The derivative assets and liabilities associated with the warrants described above were initially recorded at fair value and then at each reporting date, the change in fair value was recorded in the statement of comprehensive income.

Income Taxes

Deferred tax assets and liabilities are recognized for the tax consequences of temporary differences between the financial carrying amounts and the tax basis of existing assets and liabilities by applying enacted statutory tax rates applicable to future years. The Company establishes a valuation allowance against its net deferred tax assets to reduce them to the amount expected to be realized.

The Company assesses the recoverability of its deferred tax assets on an ongoing basis. In making this assessment the Company is required to consider all available positive and negative evidence to determine whether, based on such evidence, it is more likely than not that some portion or all of its net deferred tax assets will be realized in future periods. This assessment requires significant judgment. The Company does not recognize current and future tax benefits until it is more likely than not that its tax positions will be sustained. In general, any realization of its net deferred tax assets will reduce its effective rate in future periods.

During the year ended December 31, 2012, a provision of $0.2 million was recorded for alternative minimum tax, or AMT, liability equal to approximately 2% (federal and California) of estimated year-to-date taxable income. The provision is primarily attributable to the $31.3 million taxable gain from the sale of the oilseed processing business to DSM. The Company currently believes it has available federal and California net operating loss carryforwards, or NOLs, to fully offset its taxable income for regular tax purposes; however, AMT still applies as a result of limitations on the ability to utilize AMT NOLs to offset AMT taxable income.

Segment Reporting

The Company operates in one operating segment, industrial enzymes, with four product lines: animal health and nutrition, grain processing, oilfield services and other industrial processes. The animal health and nutrition product line includes the Company’s Phyzyme ® XP phytase enzyme. The grain processing product line includes the Company’s Fuelzyme ® alpha-amylase, Veretase® alpha-amylase, Xylathin™ and DELTAZYM® GA L-E5 enzymes. The oilfield services product line includes the Company’s Pyrolase® cellulase, Pyrolase ® HT Cellulase and Eradicake™ aplha-amylase enzymes. The Company also generates nominal product revenue from its oilfield services and industrial processes product lines, for use in other specialty industrial processes.

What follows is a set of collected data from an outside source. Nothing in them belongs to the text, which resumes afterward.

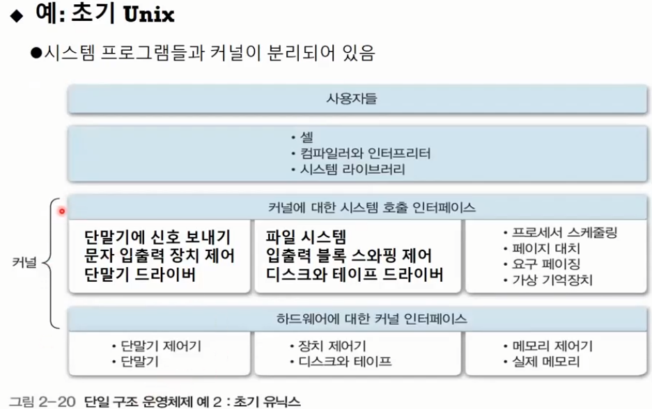 - 운영체제가 점점 커지고 복잡해지면서 순수 단일 구조만으로는 다루기가 어려워진 문제를 해결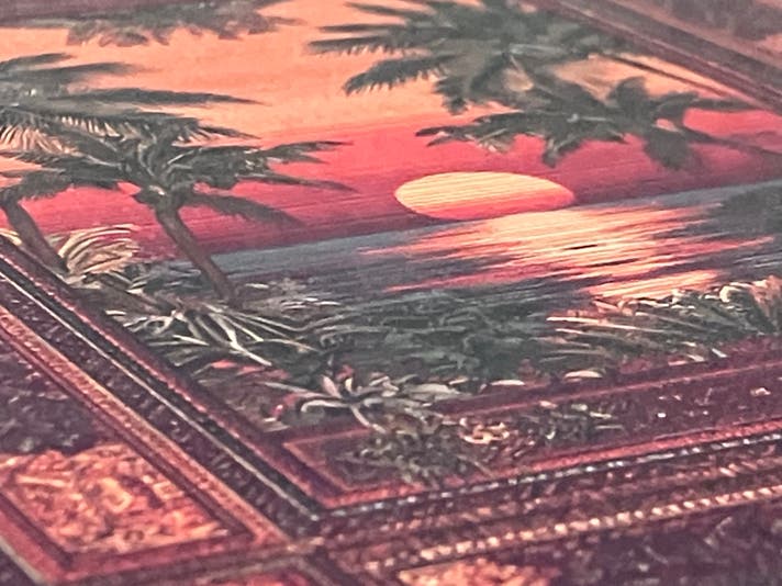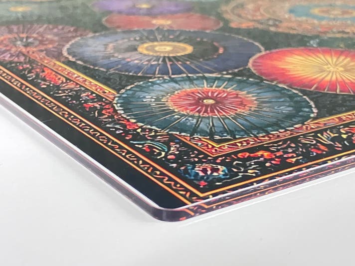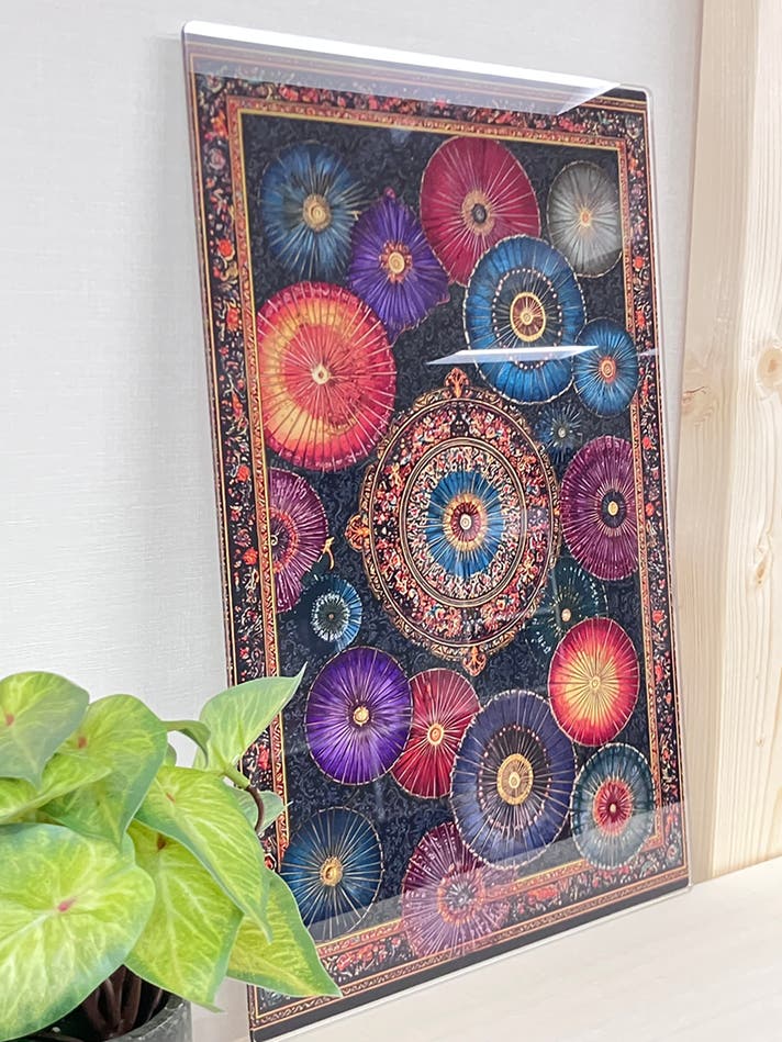 また額縁に埃がたまったり湿気で劣化したりという懸念は少なく、手入れのしやすさもアクリル製の利点でして「洗わないペルシャ絨毯のようなアート」というイメージでご使用いただけるかと思います。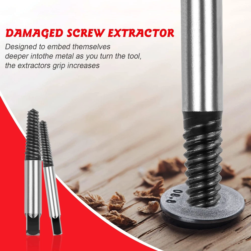 【Reliable Quality】The broken water pipe extractor is made from heavy duty alloy steel, black oxidation with whole body heat treatment, rustproof and sturdy, ensure high hardness and durability, eight different sizes of extractors,basically can meet all the needs of removing debris. 【Square Shank & Deep And Wide Threads】The broken water pipe screw extractor with square end design, allows the extractor to work with wrenches, pliers, tap wrenches or die stocks, aggressive left hand spiral design, easy out style spiral flutes embed themselves to increase grip as resistance increases. 【Easy To Use】Use a drill to drill a deep hole in the screw head, choose a drill bit smaller than the damaged screw, and then reverse the screwdriver counterclockwise into the damaged screw, the operation is convenient and simple,saving a lot of time and energy. 【Eight Size To Choose & Storage Box】8 pcs pipe screw extractor set, #1 for 1/8''-5/32'', #2 for 5/32''-3/16'', #3 for 3/16''-1/4'', #4 for 1/4''-5/16'', #5 for 5/16''-7/16'', #6 for 7/16''-9/16'', #7 for 9/16''-3/4'', #8 for 3/4''-1'', come with a molded box, keep these extractors organized, clean, secure and easy to find. 【Widely Application】The water pipe screw extractor set can remove sunken,peeled,rusted,cracked or corroded screws and bolts,remove broken fasteners, suitable for screws or bolts of various sizes,such as hexagon socket bolts,machine screws,square head bolts,wood screws,hexagon screws,sheet metal screws, are ideal for construction, automotive, home diy projects or for industrial use.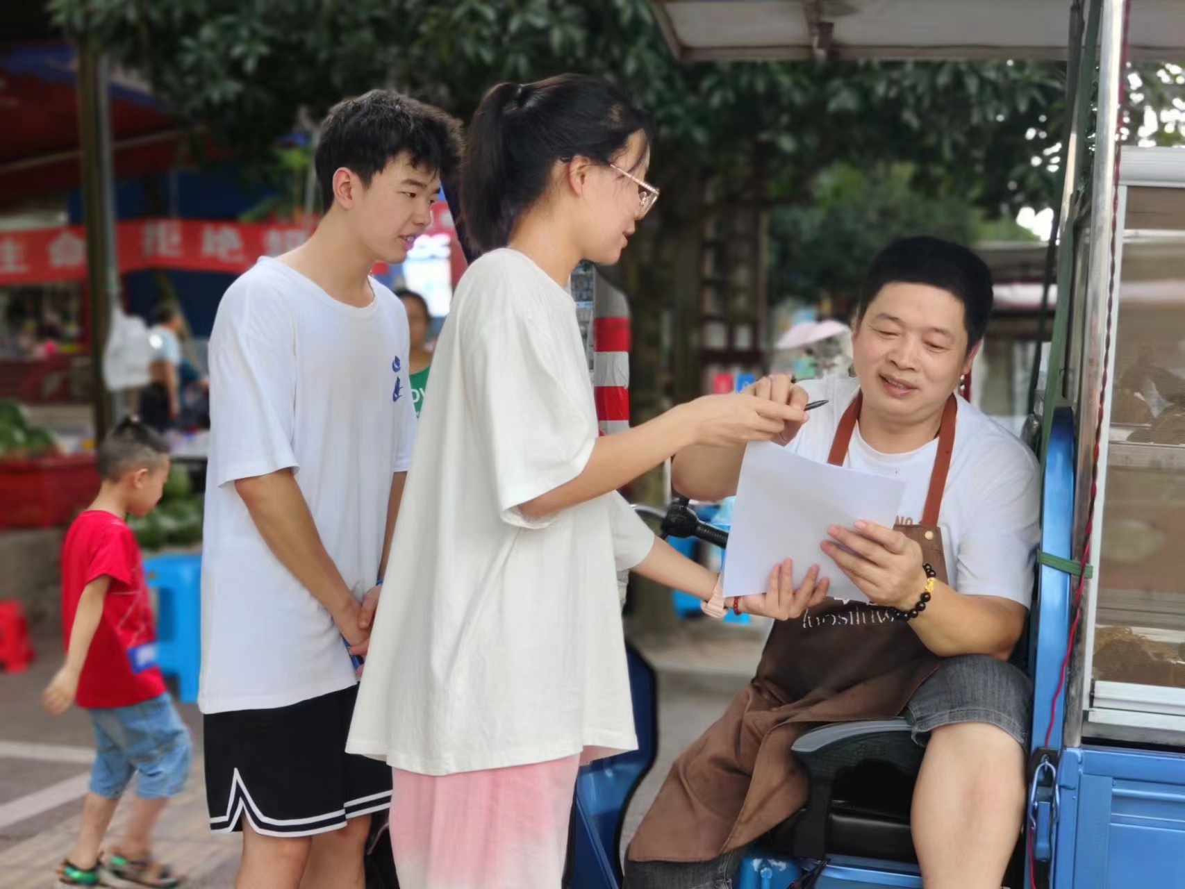 分水岭油纸伞工艺的使用和传承,至少可以上溯到明代,制作历史超过四百年。分水岭油纸伞传统制作技艺被誉为“中国民间伞艺的活化石”。分水油纸伞以泸州当地盛产的桐油、楠竹、水竹、岩桐木、皮纸等为原料用以制作,伞面诗画兼备。从伞里景区到小镇街道,一路上是人间烟火,感受到古镇的韵味,走在街道上有好多村民在做油纸伞,炎热的天气也没能让伞将们停下手里的工作。镇上没有博物馆,但能看到仍有很多人坚守着伞的古老工艺。伞韵团队通过线上线下同时开展问卷调查的方式,在街道上找到村民沟通交流并让他们填写了纸质调查问卷,队员们感受到了村民的淳朴热情,收获了满满的善意。村民们大多都购买过油纸伞,对油纸伞的传承也是高度重视。在调查过程中,还遇到了当地的支书,关于问卷内容中对油纸伞的了解程度,他说:“说十分了解是不可能的”,村民们都十分坦诚,同时还体现出油纸伞文化的传承与推广任重道远。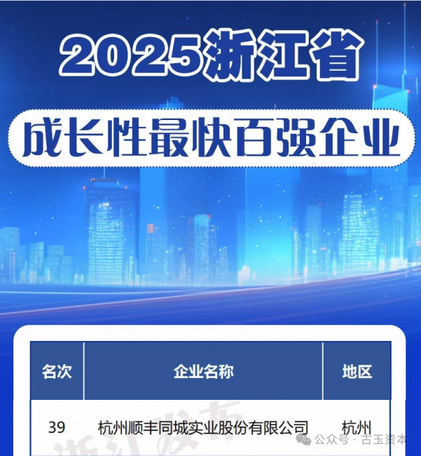 顺丰同城获选“浙江省服务业百强企业”“浙江省成长性最快百强企业”10月15日,浙江省企业联合会、浙江省企业家协会、浙江省工业经济联合会正式发布“2025浙江省百强企业”系列榜单。顺丰同城同时入选“浙江省服务业百强企业”与“浙江省成长性最快百强企业”两份榜单,与阿里巴巴、绿城、网易等国内知名企业共同上榜。顺丰同城跻身浙江双百强榜单,表明公司在保持营收规模优势的同时,亦满足了“高增长”与“高研发投入”的双重标准,实现了规模与质量的协同发展。

Fair Value of Financial Instruments

Fair value is defined as the exit price, or the amount that would be received to sell an asset or paid to transfer a liability in an orderly transaction between market participants as of the measurement date. The applicable authoritative guidance establishes a hierarchy for inputs used in measuring fair value that maximizes the use of observable inputs and minimizes the use of unobservable inputs by requiring that the most observable inputs be used when available. Observable inputs are inputs market participants would use in valuing the asset or liability and are developed based on market data obtained from sources independent of the Company. Unobservable inputs are inputs that reflect the Company’s assumptions about the factors market participants would use in valuing the asset or liability. The guidance establishes three levels of inputs that may be used to measure fair value:

Level 1—Quoted prices in active markets for identical assets or liabilities.

Level 2—Inputs other than Level 1 that are observable, either directly or indirectly, such as quoted prices for similar assets or liabilities; quoted prices in markets that are not active; or other inputs that are observable or can be corroborated by observable market data for substantially the full term of the assets or liabilities.

Level 3—Unobservable inputs that are supported by little or no market activity and that are significant to the fair value of the assets or liabilities.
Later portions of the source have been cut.